Prime Minister of Angola
- In office 11 November 1975 – 9 December 1978
- President: Agostinho Neto
- Preceded by: Office established
- Succeeded by: Fernando José de França Dias Van-Dúnem

Personal details
- Born: Lopo Fortunato Ferreira do Nascimento 10 July 1942 (age 84) Luanda, Overseas Province of Angola, Portugal
- Party: MPLA
- Spouse: Maria do Carmo Assis do Nascimento

= Lopo do Nascimento =

Angolan politician

Lopo Fortunato Ferreira do Nascimento (born 10 July 1942) is an Angolan retired politician. He served as the first Prime Minister of Angola from 11 November 1975 to 9 December 1978 and was Secretary-General of the Popular Movement for the Liberation of Angola (MPLA).

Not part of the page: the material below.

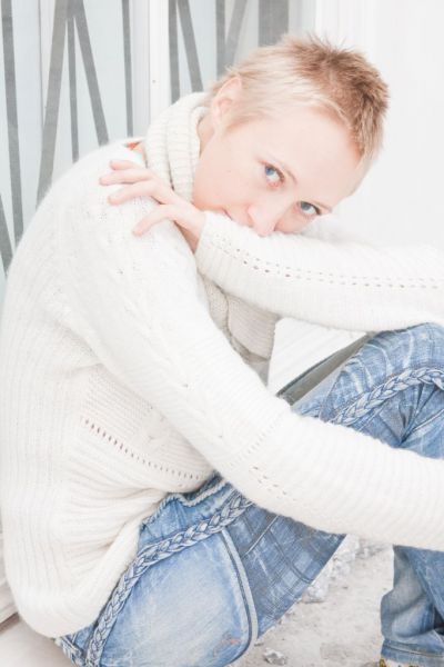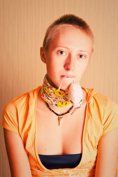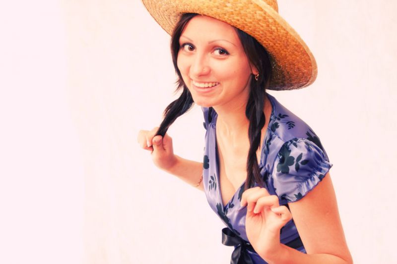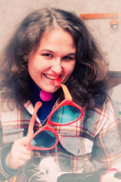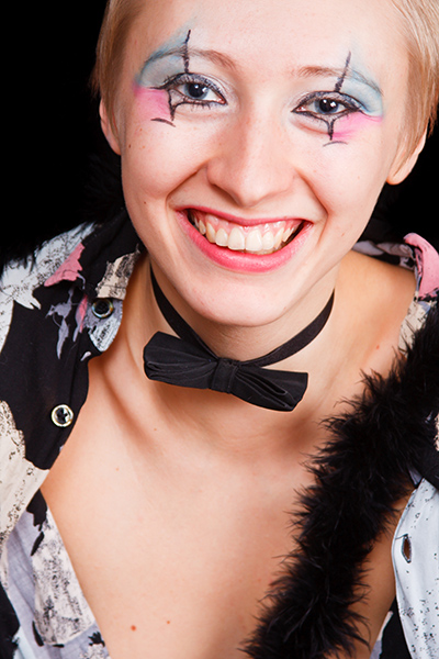 Ключевые слова: девушка, улыбка, арлекин, студия, хэллоуин
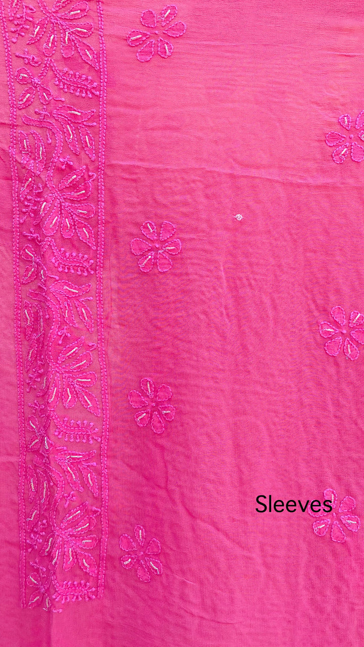 Lucknowi Chikankari Suit Length 2 Piece Pink Pure Georgette With Cutdana Work

At the age of 19, he was arrested but released with the obligation to move to Cuanza Norte. He continued in underground fighting and was arrested again in 1963. This time he went to court and was convicted. He was detained for six years in the Luanda civil prison under Portuguese administration where he was tortured and during interrogations he spent three to five days without sleep, always on his feet; after a few days, Lopo felt that his feet would almost explode and that a person would still start talking. He didn't speak. In January 1969 he left and joined the Nocal brewery. He went to Algeria, via Lisbon, at the end of 1973. He left Angola because the MPLA had many problems, especially with the Daniel Chipenda East Revolt, and they asked him to go reinforce the leadership work.

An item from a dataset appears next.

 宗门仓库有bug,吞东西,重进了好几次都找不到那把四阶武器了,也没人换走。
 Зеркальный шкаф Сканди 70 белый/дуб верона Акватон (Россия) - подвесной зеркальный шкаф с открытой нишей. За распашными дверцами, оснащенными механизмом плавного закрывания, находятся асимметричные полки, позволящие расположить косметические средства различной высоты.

Nascimento was later Minister of Territorial Administration; after resigning from that post, he was replaced by Paulo Kassoma on 9 April 1992. He was elected as MPLA Secretary-General by the party's Central Committee in 1993.

He was the 66th candidate on the MPLA's national list in the September 2008 legislative election. He won a seat in that election, in which MPLA won an overwhelming majority in the National Assembly.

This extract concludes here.